What you will do
Retype all entries exactly as they stand, excluding pictures.

Records supplied
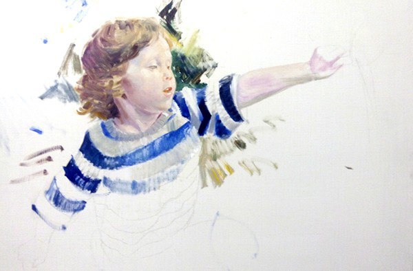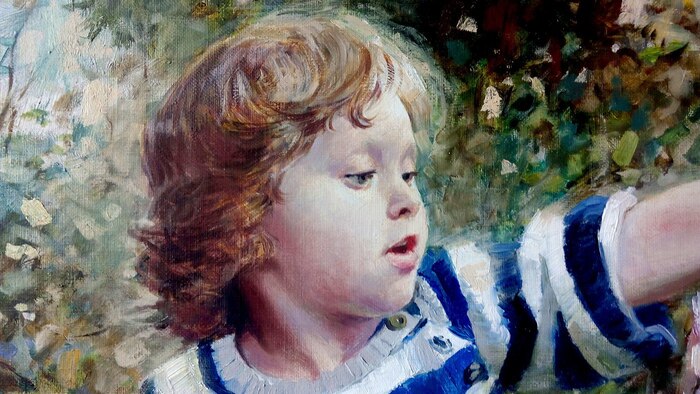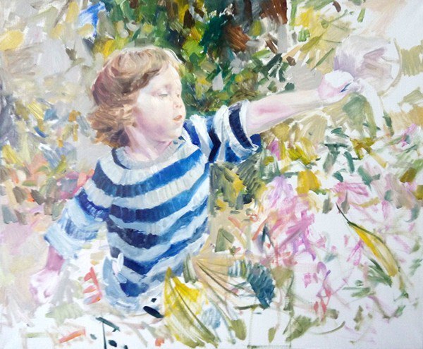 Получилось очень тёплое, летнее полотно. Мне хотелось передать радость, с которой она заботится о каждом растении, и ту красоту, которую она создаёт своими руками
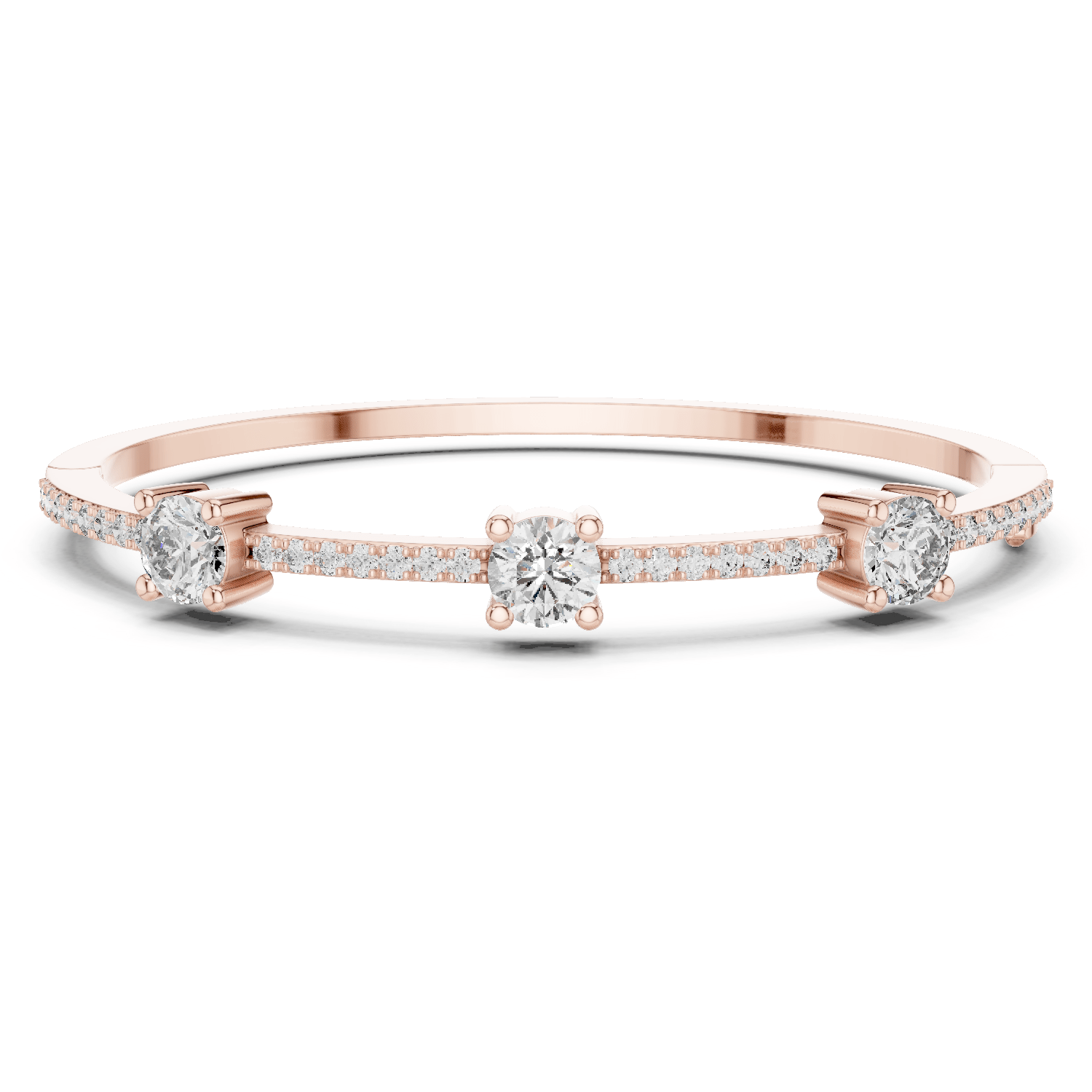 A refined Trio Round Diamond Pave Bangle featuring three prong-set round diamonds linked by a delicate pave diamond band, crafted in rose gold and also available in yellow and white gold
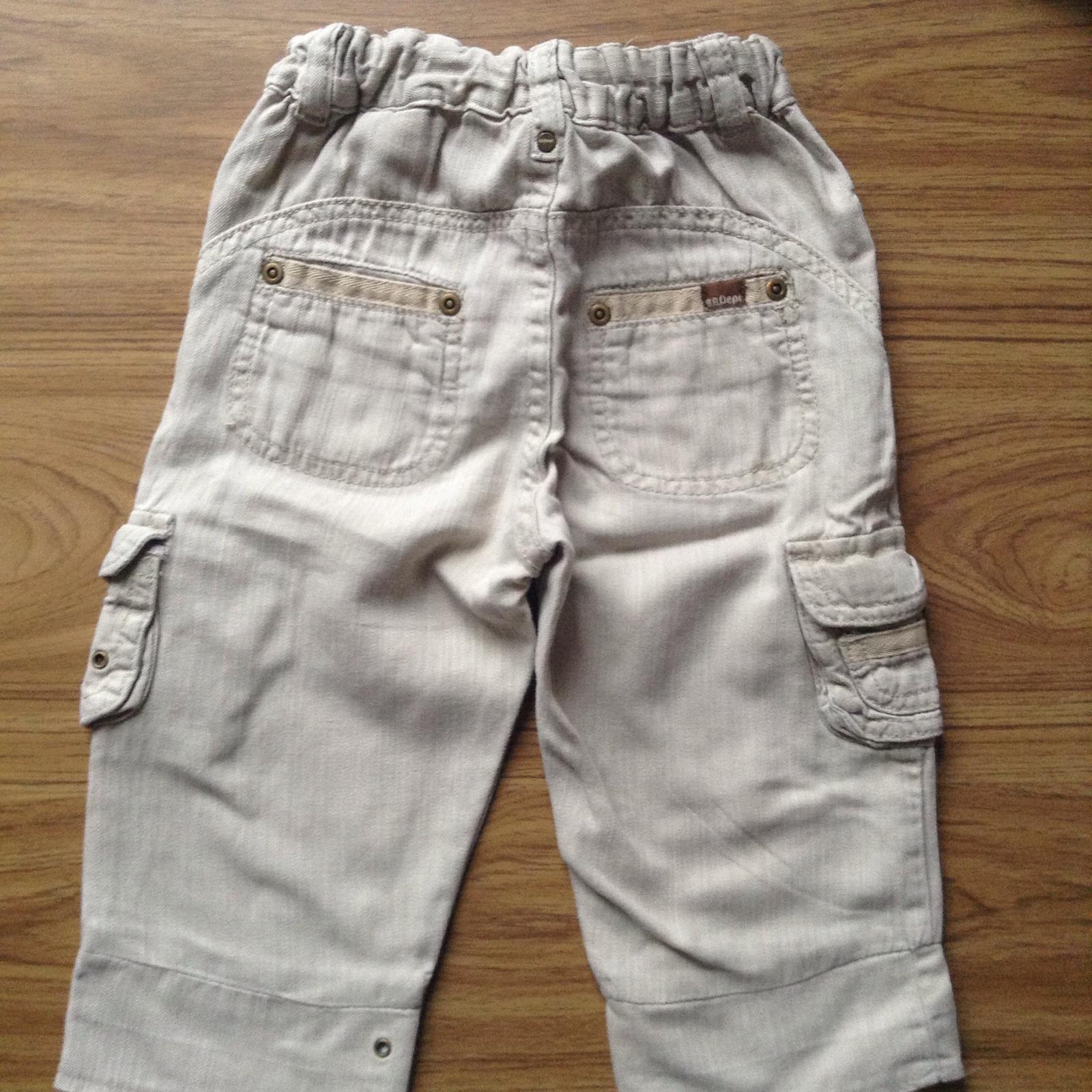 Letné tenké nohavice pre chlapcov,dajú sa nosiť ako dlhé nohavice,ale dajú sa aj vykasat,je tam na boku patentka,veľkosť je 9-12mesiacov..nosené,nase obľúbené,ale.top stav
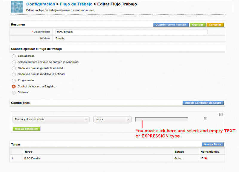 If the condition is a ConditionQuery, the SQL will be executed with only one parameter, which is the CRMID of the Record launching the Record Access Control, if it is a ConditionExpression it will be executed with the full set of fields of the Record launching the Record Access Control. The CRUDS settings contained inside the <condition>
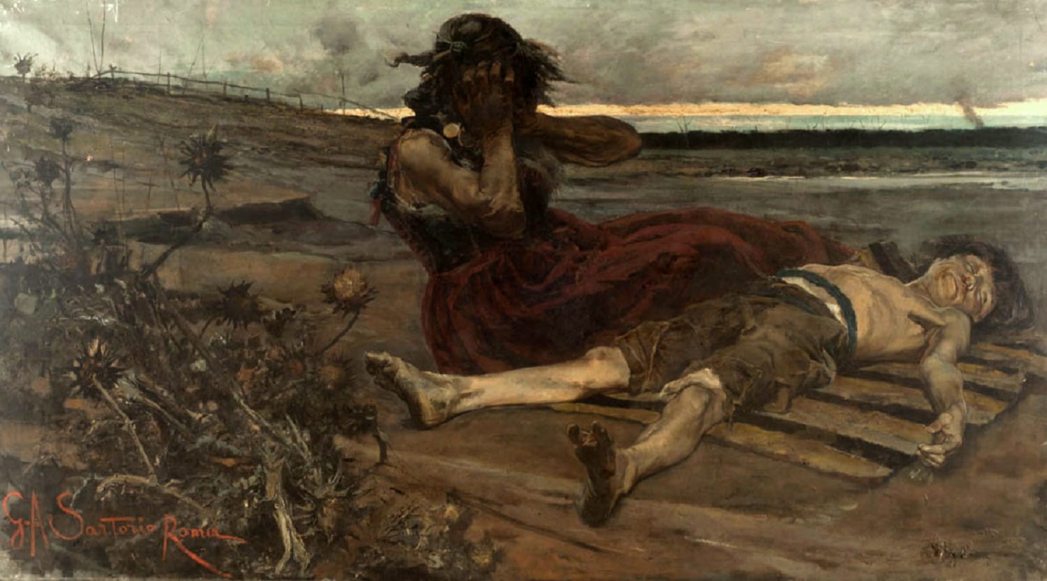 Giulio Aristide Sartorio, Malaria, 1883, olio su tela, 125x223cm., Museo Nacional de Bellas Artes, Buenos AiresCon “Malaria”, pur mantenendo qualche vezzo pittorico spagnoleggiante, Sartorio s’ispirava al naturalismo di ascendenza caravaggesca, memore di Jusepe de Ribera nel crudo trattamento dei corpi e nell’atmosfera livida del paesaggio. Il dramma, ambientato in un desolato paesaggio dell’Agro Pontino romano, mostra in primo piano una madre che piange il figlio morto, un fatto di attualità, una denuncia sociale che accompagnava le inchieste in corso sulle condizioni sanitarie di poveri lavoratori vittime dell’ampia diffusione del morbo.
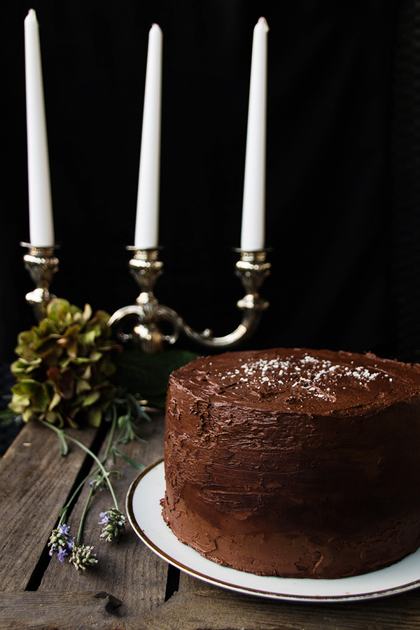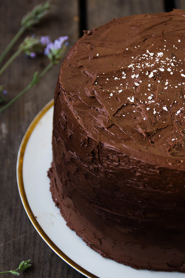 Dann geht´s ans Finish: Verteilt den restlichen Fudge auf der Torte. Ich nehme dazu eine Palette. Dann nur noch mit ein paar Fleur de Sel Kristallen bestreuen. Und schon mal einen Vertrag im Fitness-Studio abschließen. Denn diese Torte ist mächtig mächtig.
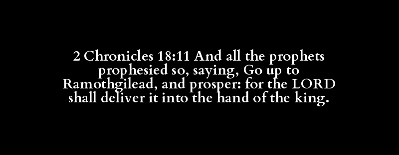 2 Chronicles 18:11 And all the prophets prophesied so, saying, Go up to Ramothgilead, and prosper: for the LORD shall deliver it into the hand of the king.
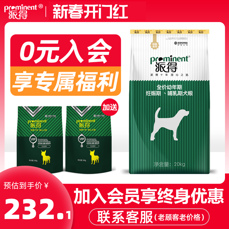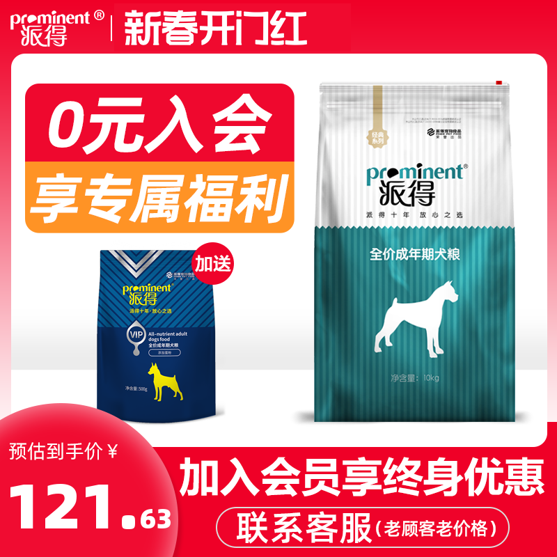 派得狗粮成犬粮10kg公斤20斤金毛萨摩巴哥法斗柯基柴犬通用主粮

Expected output
 Получилось очень тёплое, летнее полотно. Мне хотелось передать радость, с которой она заботится о каждом растении, и ту красоту, которую она создаёт своими руками
 A refined Trio Round Diamond Pave Bangle featuring three prong-set round diamonds linked by a delicate pave diamond band, crafted in rose gold and also available in yellow and white gold
 Letné tenké nohavice pre chlapcov,dajú sa nosiť ako dlhé nohavice,ale dajú sa aj vykasat,je tam na boku patentka,veľkosť je 9-12mesiacov..nosené,nase obľúbené,ale.top stav
 If the condition is a ConditionQuery, the SQL will be executed with only one parameter, which is the CRMID of the Record launching the Record Access Control, if it is a ConditionExpression it will be executed with the full set of fields of the Record launching the Record Access Control. The CRUDS settings contained inside the <condition>
 Giulio Aristide Sartorio, Malaria, 1883, olio su tela, 125x223cm., Museo Nacional de Bellas Artes, Buenos AiresCon “Malaria”, pur mantenendo qualche vezzo pittorico spagnoleggiante, Sartorio s’ispirava al naturalismo di ascendenza caravaggesca, memore di Jusepe de Ribera nel crudo trattamento dei corpi e nell’atmosfera livida del paesaggio. Il dramma, ambientato in un desolato paesaggio dell’Agro Pontino romano, mostra in primo piano una madre che piange il figlio morto, un fatto di attualità, una denuncia sociale che accompagnava le inchieste in corso sulle condizioni sanitarie di poveri lavoratori vittime dell’ampia diffusione del morbo.
 Dann geht´s ans Finish: Verteilt den restlichen Fudge auf der Torte. Ich nehme dazu eine Palette. Dann nur noch mit ein paar Fleur de Sel Kristallen bestreuen. Und schon mal einen Vertrag im Fitness-Studio abschließen. Denn diese Torte ist mächtig mächtig.
 2 Chronicles 18:11 And all the prophets prophesied so, saying, Go up to Ramothgilead, and prosper: for the LORD shall deliver it into the hand of the king.
 派得狗粮成犬粮10kg公斤20斤金毛萨摩巴哥法斗柯基柴犬通用主粮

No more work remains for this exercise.